The analyst was also upbeat on Netflix’s foray into an ad-supported subscription tier, which the streamer said had generated around 5 million active global users in the first quarter ended March 31.

Anmuth believes about 54% of new subscribers will opt for the $6.99 ad-supported tier this year and in 2024.

Samba TV: Nearly 50% of Netflix, Disney+ Subscribers Share Account Passwords

Netflix has begun cracking down on North American subscribers sharing their account passwords with non-members. New data from Samba TV found that the practice has increased slightly, affecting about 51% of all SVOD subscriptions — based on a commissioned HarrisX survey of 2,500 U.S. respondents from March 23-27.

Samba said 49% and 48% of Netflix  and Disney+ subs, respectively, share their subscription with someone else, with most sharing their account with family members.

Of those subscribed to at least one platform, 60% share their password with someone else. This includes 79% of Gen Z and 74% of Millennials, compared to 52% of Gen X and 38% of Baby Boomers.

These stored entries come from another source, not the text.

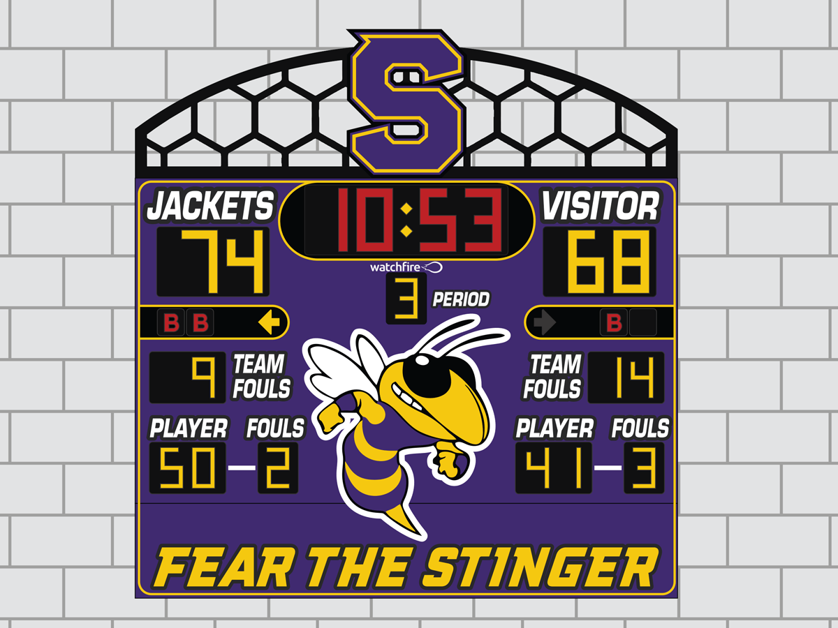 Decorative Truss | Let visitors know “this is our house” with a mascot that literally pops off the truss. It’s time to get fans talking with a jaw-dropping scoreboard. Watchfire specializes in creating truly unique and artistically designed scoreboard trusses for an indoor gym, outdoor stadium or sports complex. Seamlessly add crystal-clear audio with the Watchfire Sound system behind a team-branded mesh covering.
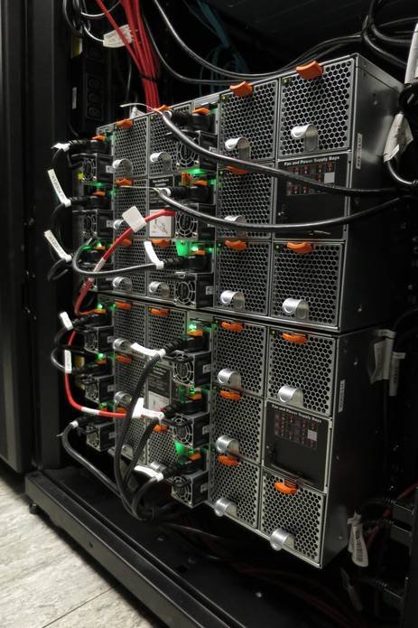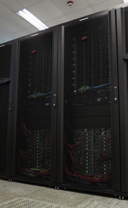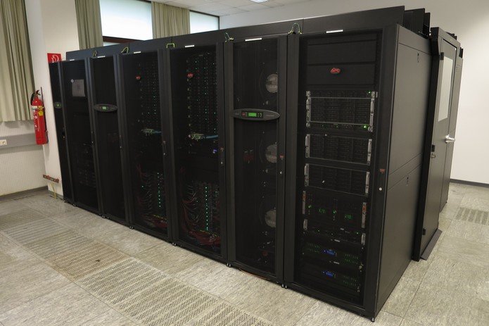 Leo3e is housed in an APC "Hot Aisle" computing center infrastructure together with other servers. Two rows of four racks and two cooling units enclose a central "hot" (30-40°C) aisle separated from the environment by a door and top panels. Air intake and exhaust are physically separated, preventing mixture of cool and warm air. This increases the efficiency of the heat exchangers used for cooling.
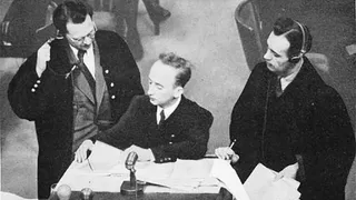'Nou ja, je moet individuele schuld bewijzen. Dat is niet zo makkelijk. Je hebt getuigen nodig, en bewijsmateriaal enzo. Anders krijg je net zulke processen als in Dachau. Dus hoe dan ook, hij zond me naar Berlijn, om daar een bureau op te zetten, en dat was de plek waar alle Duitse officiële archieven waren. Ik zette daar een bureau op met ongeveer 50 mensen, en we begonnen door de archieven te gaan, of beter gezegd, wat ervan over was in die platgebombardeerde stad. En ik stuitte op de verslagen van de Einsatzgruppen. Ik telde de getallen op, met een kleine rekenmachine: meer dan een miljoen mensen vermoord.'
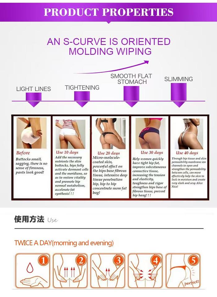 Extrait d'herbes sauvages naturelles, huile essentielle liquide, emballée sous vide pour l'agrandissement et le lifting des hanches
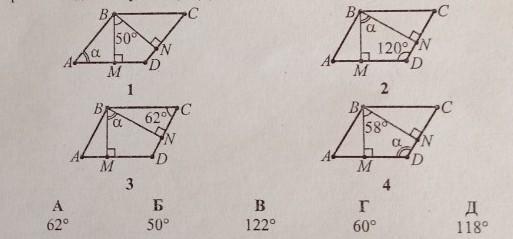 BM i BN- висоти паралелограма ABCD, проведені з вершини тупого кута. Установити вiдповiднiсть мiж рисунками (1-4) та градусними мi рами невідомих кутів а (А-Д).
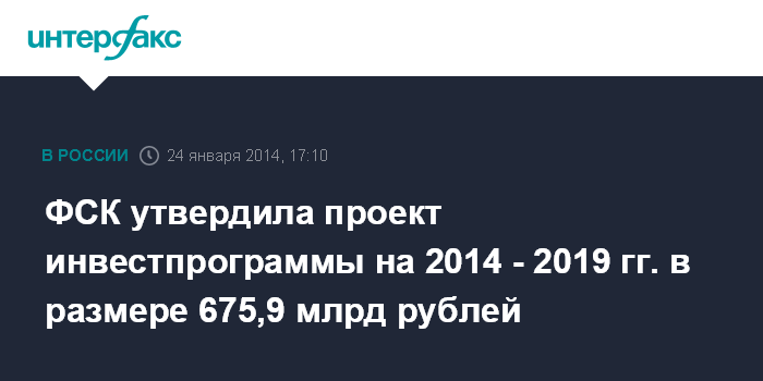 Москва. 24 января. INTERFAX.RU - Правление ОАО ФСК ЕЭС одобрило проектный объем инвестпрограммы компании на 2014 - 2019 гг. в размере 675,9 млрд руб., сообщила компания в пятницу.

About 57% share with one-to-two people. Millennials are more likely to share with more people. The demo is also most likely to share with at least three people (34%, compared to 25% of all people who share subscriptions).

About 70% of respondents who share and borrow access to streaming services say that Netflix is a platform they are most likely to share with others.

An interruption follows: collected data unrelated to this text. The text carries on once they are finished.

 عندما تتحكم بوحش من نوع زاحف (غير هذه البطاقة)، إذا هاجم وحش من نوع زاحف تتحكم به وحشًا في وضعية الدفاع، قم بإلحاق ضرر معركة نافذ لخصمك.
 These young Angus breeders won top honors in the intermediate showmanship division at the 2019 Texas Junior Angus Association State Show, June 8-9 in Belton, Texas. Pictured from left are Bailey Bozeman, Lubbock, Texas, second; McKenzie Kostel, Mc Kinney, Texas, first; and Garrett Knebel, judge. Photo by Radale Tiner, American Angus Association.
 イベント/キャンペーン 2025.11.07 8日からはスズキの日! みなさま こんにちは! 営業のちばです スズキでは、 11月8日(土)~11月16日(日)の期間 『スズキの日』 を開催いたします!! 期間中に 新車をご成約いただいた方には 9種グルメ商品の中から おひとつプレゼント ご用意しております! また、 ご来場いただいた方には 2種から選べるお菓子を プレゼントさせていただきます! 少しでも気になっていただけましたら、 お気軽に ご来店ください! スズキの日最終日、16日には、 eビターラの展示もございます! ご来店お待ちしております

With Netflix imposing a $7.99 monthly fee on subscribers sharing their account, more than 40% of survey respondents said they would be willing to pay more to share their account with someone outside of their home.

Of those who would be willing to pay to share their account, 41% would pay up to $10 per month and an additional 10% would pay up to $15, accounting for just about half of those who would be willing to pay extra. Males and Millennials are most likely to be willing to pay more.

On the flipside, password crackdown may spur cancellations of the service, particularly among younger demographics like Gen Z, according to Samba.

About 37% of current Netflix subscribers would cancel their account if they could no longer share their password with people outside their home. The percentage goes up as the user age goes down. About 52% of Gen Z and 51% of Millennials would cancel their account, but only around a quarter of Gen X and Baby Boomers would do so.

Additionally, of those who currently use someone else’s Netflix account, 64% would subscribe to Netflix if they could no longer use someone else’s password (39% to an ad-supported tier and 25% to an ad-free tier). 76% of Millennials and 75% of males would subscribe, compared to only 55% of females.

“The crackdown on password sharing has the potential to hasten the growth of Netflix’s ad-supported tier as sharers are gently forced to migrate to their own accounts,” Samba TV CEO Ashwin Navin said in a statement.

The reports found that among non-subs using someone else’s Netflix account, almost 40% would transition toward the cheaper monthly subscription with ads, while only a quarter may sign up for their own ad-free experience.

“There’s also an opportunity for Netflix to charge for these additional users. Implementing this new fee could quickly grow Netflix’s subscriber revenue,” Navin said.